Allele-specific methylation regions were stable over time.
We previously phased the personal genome of the participant2,24, which enabled us to determine here the DNA methylation patterns for each parental allele. The allele-specific methylation patterns can be either imprinted by parent of origin or associated with genotypes and, in both cases, the allele-specific methylation patterns are expected to be stable, although this has not been previously tested directly.
We conducted two analyses to test whether the allele-specific methylation patterns were stable over the 1,124-day time course. First, we selected two samples with distinct health states (day 289 and day 311, denoted as S1 and S2, respectively) and sequenced their bisulfite libraries to high depths. A total of 1.50 billion (25 × per strand) and 2.69 billion (44.8 × per strand) uniquely mapped non-identical reads were obtained for S1 and S2, respectively. We used the heterozygous single-nucleotide polymorphisms (SNPs) from the phased genome to determine allele-specific DNA methylation (ASM) and assigned 489 million reads from S1 (32.54% of total reads) and 703 million reads from S2 (26.14% of total reads) to 1 of the 2 parental alleles, respectively. The ASM was determined for each of the cytosines that was covered by at least five reads on each allele using Fisher’s exact test. A total of 270,288 ASM cytosines passed the significance test, among which 182,274 (67.44%), 27,142 (10.04%) and 60,372 (22.34%) were located in CG, CHG, and CHH contexts, respectively. The majority of ASM events (92.53%) were from direct disruption or formation of CpG dinucleotides (an example is shown in Supplementary Fig. 9a). A total of 18,840 ASM events in CG context, 360 ASM events in CHG context and 966 ASM events in CHH context remained after removing the single nucleotide variant (SNV) ASM events.

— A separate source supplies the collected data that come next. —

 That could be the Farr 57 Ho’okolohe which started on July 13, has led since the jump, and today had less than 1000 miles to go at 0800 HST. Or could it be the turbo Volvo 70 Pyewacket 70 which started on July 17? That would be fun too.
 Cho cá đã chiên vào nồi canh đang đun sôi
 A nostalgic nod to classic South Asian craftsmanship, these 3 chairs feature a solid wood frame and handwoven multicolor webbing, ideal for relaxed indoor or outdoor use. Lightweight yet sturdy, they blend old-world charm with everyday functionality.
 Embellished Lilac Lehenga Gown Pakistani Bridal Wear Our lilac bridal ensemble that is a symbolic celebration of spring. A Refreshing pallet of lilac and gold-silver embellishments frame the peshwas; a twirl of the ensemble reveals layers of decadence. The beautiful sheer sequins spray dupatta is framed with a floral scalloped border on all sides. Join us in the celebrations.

We observed a high correlation of allele-specific methylation patterns between the two samples (Pearson correlation R2 = 0.9729), indicating that the allele-specific methylation patterns were stable between these two states (Supplementary Fig. 9b).

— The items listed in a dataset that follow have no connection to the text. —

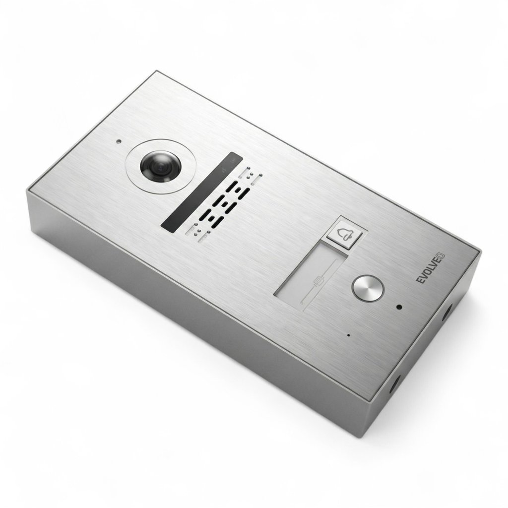 EVOLVEO DoorPhone ID MSB este o cutie de montare metalică proiectată pentru instalarea la suprafață a unităților exterioare DoorPhone ID1 și ID2. Aceasta permite montarea fără a fi necesară încastrarea în perete, ceea ce reprezintă o soluție ideală pentru renovări, instalații retrofit sau montarea pe o fațadă finisată, pe un stâlp de gard sau pe un stâlp de beton. Dacă nu doriți să tăiați în tencuială sau să vă ocupați de o cutie submontată, MSB oferă o soluție rapidă și curată.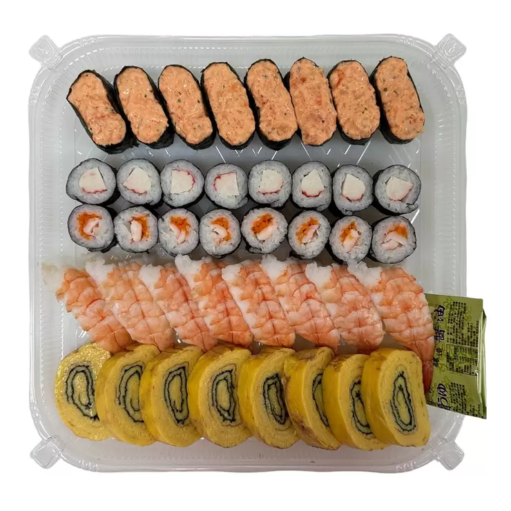 主要食材:壽司醋飯、玉子燒(含蛋、大豆、魚)、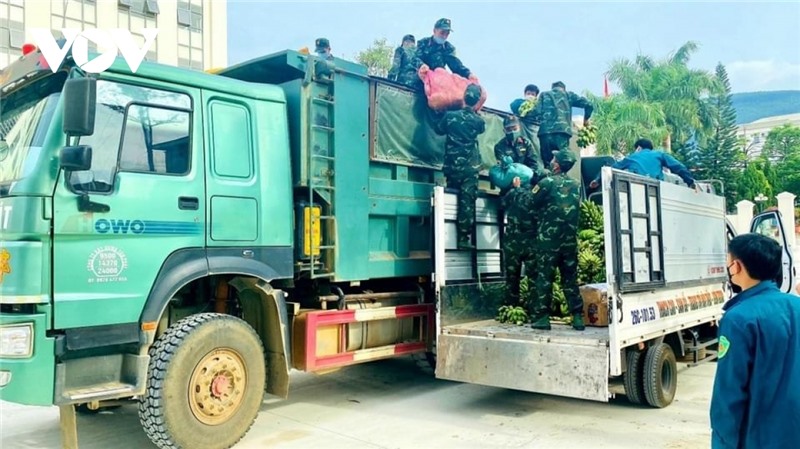 Cán bộ, chiến sĩ Trung đoàn 754 (Bộ CHQS tỉnh Sơn La) hỗ trợ vận chuyển lương thực, thực phẩm đến từng tiểu khu, tổ bản ở huyện Phù Yên.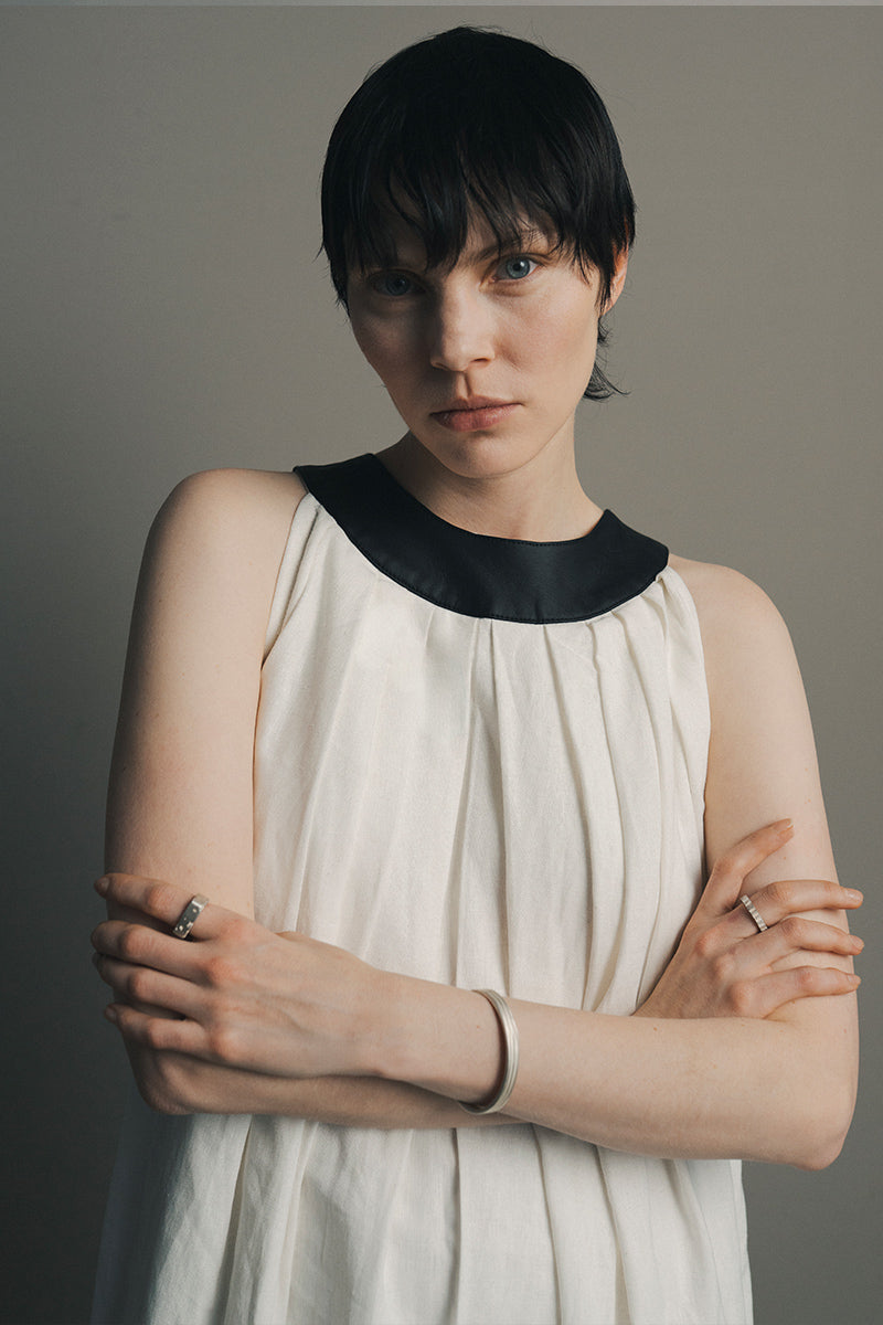 Conectado de manera armoniosa el blanco y el negro, la fluidez y la delicadeza de los materiales, creamos una propuesta de vestido que rompe los limites y permite ser llevado en diferentes climas y ocasiones de uso.

We next identified allele-specific methylation loci for 26 time points (2 time points, D602 and D948, were excluded due to lower coverage). The allelic identities of over 99.99% of the allele-specific methylation loci were stable over time, with only minor allelic ratio changes (Fig. 6a and Methods). To understand why the small percentage of the outlier loci (< 0.01%) had the allelic identity switched between time points, we performed further analyses on these loci and found that the changes were most probably artifacts due to low read coverage. Therefore, the allele-specific methylation patterns were stable longitudinally.
Fig. 6 |. Allele-specific methylation regions profile.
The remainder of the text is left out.